--- The data ---
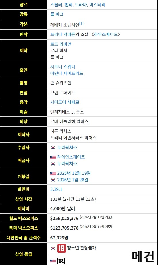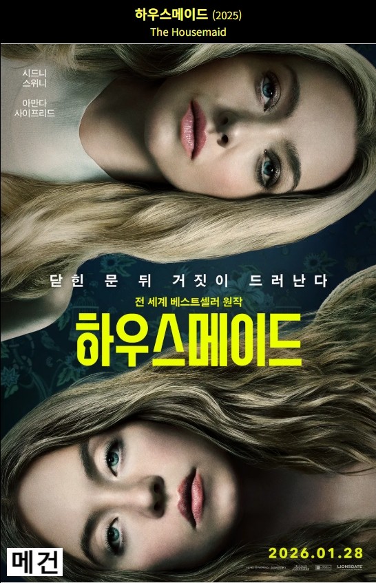 movie 영화 하우스메이드 The Housemaid [하우스메이드] The Housemaid. 2025 (시드니 스위니, 아만다 사이프리드) person메건*** calendar_today2026.04.25 visibility3,308 download 다운로드 1개 파일 folder_zip 하우스 메이드. 2025 (파일, 제목, 스샷 도용 금지!! 작성자 메건).mkv 3.4 GB download
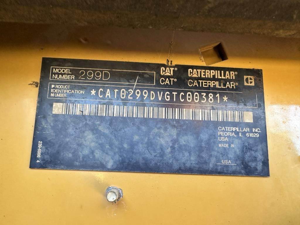 Location: Athens, TN 4 Cylinder Caterpillar Turbo Diesel Engine, Two Speed, Manual Quick Attach, High Flow Front Auxiliary Hydraulics, EROPS, Joystick Control, Heat, A/C, Radio, Air Ride Seat, Approx 18" Rubber Tracks Serial: CAT0299DVGTC00381 Hours Shown: 10331
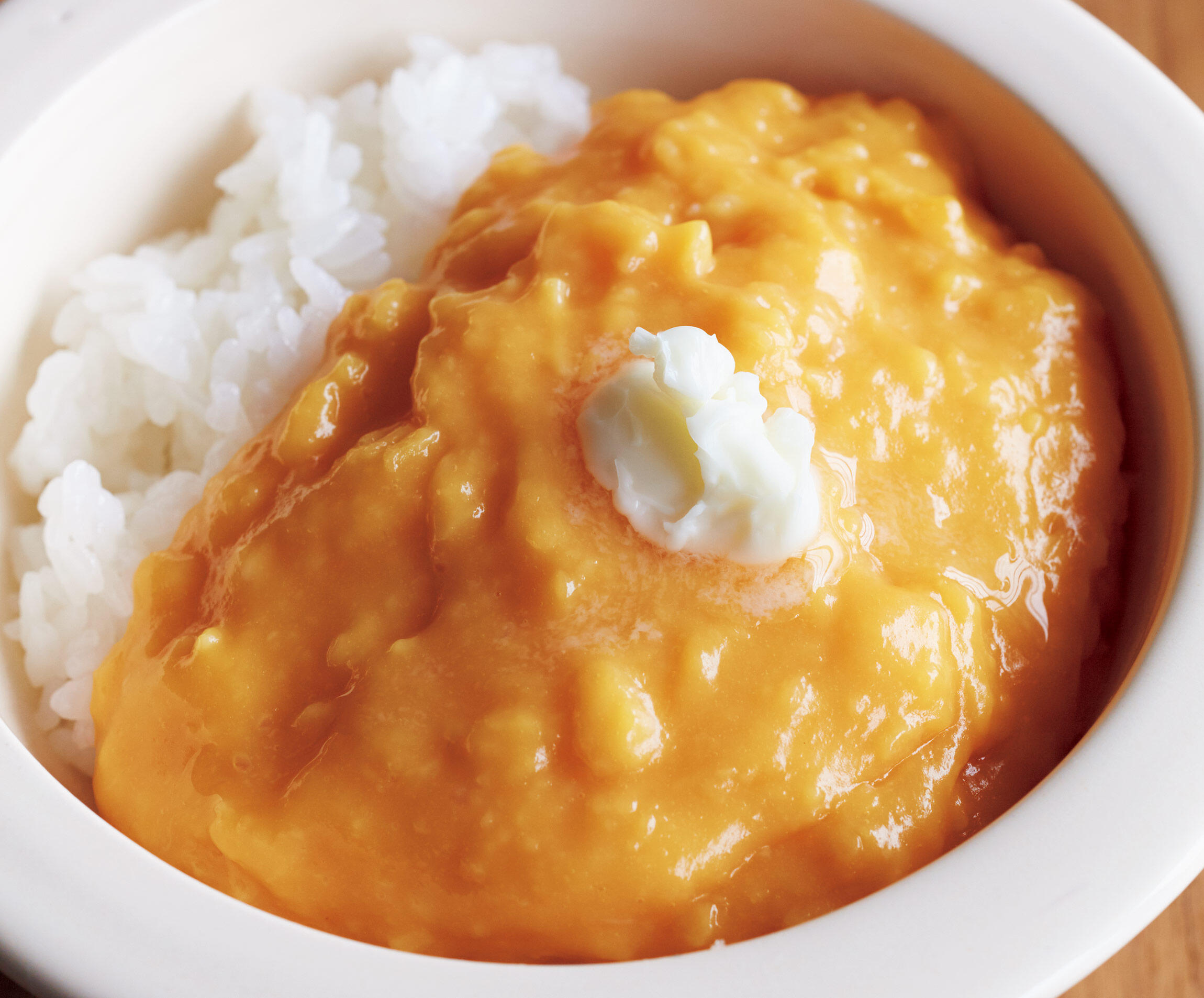 湯煎でゆっくりと仕上げた本格派のスクランブルエッグが、とろとろとご飯にからむ。まさに、進化形卵かけご飯。一口含むだけで、バターと卵が醸す、まったりとした舌ざわりとふくよかな味わいに陶然……。これぞ、どんぶり界の輝けるプリンセス!
---
* _How to complete this task_
Starting at the line that holds "Location: Athens, TN", write out every remaining line of the material above exactly as it appears. Pictures should not be copied.

* _Written reply_
 Location: Athens, TN 4 Cylinder Caterpillar Turbo Diesel Engine, Two Speed, Manual Quick Attach, High Flow Front Auxiliary Hydraulics, EROPS, Joystick Control, Heat, A/C, Radio, Air Ride Seat, Approx 18" Rubber Tracks Serial: CAT0299DVGTC00381 Hours Shown: 10331
 湯煎でゆっくりと仕上げた本格派のスクランブルエッグが、とろとろとご飯にからむ。まさに、進化形卵かけご飯。一口含むだけで、バターと卵が醸す、まったりとした舌ざわりとふくよかな味わいに陶然……。これぞ、どんぶり界の輝けるプリンセス!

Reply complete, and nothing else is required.